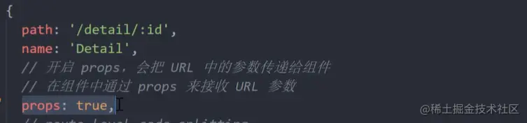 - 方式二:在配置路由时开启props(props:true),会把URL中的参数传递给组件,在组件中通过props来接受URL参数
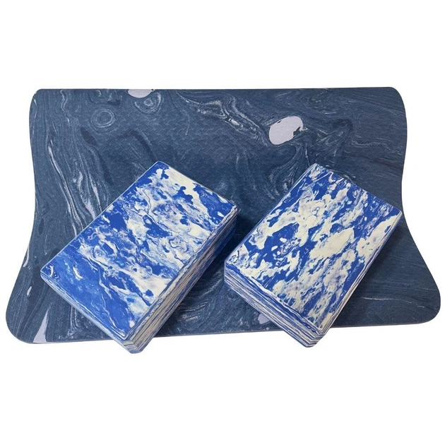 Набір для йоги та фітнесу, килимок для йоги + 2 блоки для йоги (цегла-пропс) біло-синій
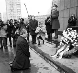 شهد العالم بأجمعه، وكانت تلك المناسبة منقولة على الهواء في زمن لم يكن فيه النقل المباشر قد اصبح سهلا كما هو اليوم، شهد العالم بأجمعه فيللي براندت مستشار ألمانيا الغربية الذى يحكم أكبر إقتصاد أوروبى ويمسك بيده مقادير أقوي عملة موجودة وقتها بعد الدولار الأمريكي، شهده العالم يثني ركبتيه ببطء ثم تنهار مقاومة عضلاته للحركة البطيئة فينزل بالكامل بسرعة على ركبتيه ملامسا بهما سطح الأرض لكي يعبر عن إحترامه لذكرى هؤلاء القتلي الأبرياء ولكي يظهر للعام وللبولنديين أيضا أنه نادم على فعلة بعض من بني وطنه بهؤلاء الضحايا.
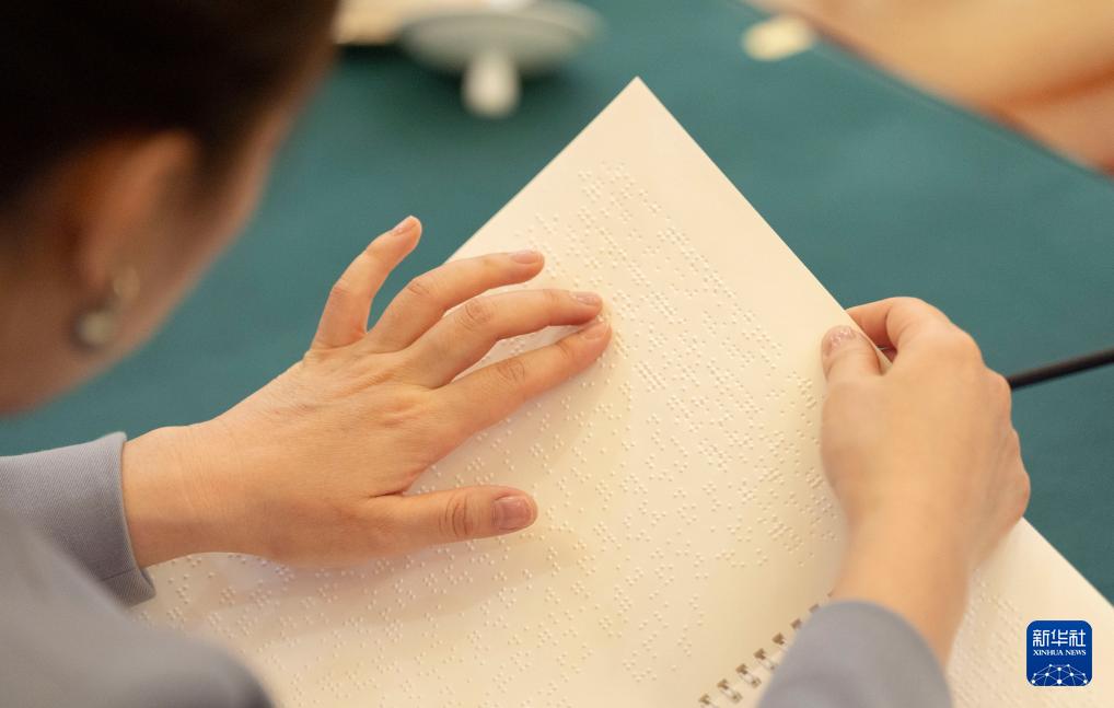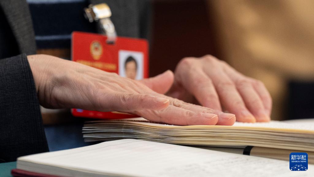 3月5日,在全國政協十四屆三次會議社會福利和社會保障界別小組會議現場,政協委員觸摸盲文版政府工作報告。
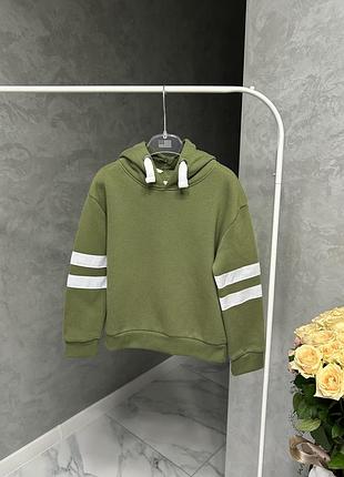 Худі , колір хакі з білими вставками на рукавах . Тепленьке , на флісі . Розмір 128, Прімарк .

• [PROBLEM STATEMENT]:
The output must be every line of the records, printed exactly, with the pictures omitted.

• [TASK RESULT]:
 - 方式二:在配置路由时开启props(props:true),会把URL中的参数传递给组件,在组件中通过props来接受URL参数
 Набір для йоги та фітнесу, килимок для йоги + 2 блоки для йоги (цегла-пропс) біло-синій
 شهد العالم بأجمعه، وكانت تلك المناسبة منقولة على الهواء في زمن لم يكن فيه النقل المباشر قد اصبح سهلا كما هو اليوم، شهد العالم بأجمعه فيللي براندت مستشار ألمانيا الغربية الذى يحكم أكبر إقتصاد أوروبى ويمسك بيده مقادير أقوي عملة موجودة وقتها بعد الدولار الأمريكي، شهده العالم يثني ركبتيه ببطء ثم تنهار مقاومة عضلاته للحركة البطيئة فينزل بالكامل بسرعة على ركبتيه ملامسا بهما سطح الأرض لكي يعبر عن إحترامه لذكرى هؤلاء القتلي الأبرياء ولكي يظهر للعام وللبولنديين أيضا أنه نادم على فعلة بعض من بني وطنه بهؤلاء الضحايا.
 3月5日,在全國政協十四屆三次會議社會福利和社會保障界別小組會議現場,政協委員觸摸盲文版政府工作報告。
 Худі , колір хакі з білими вставками на рукавах . Тепленьке , на флісі . Розмір 128, Прімарк .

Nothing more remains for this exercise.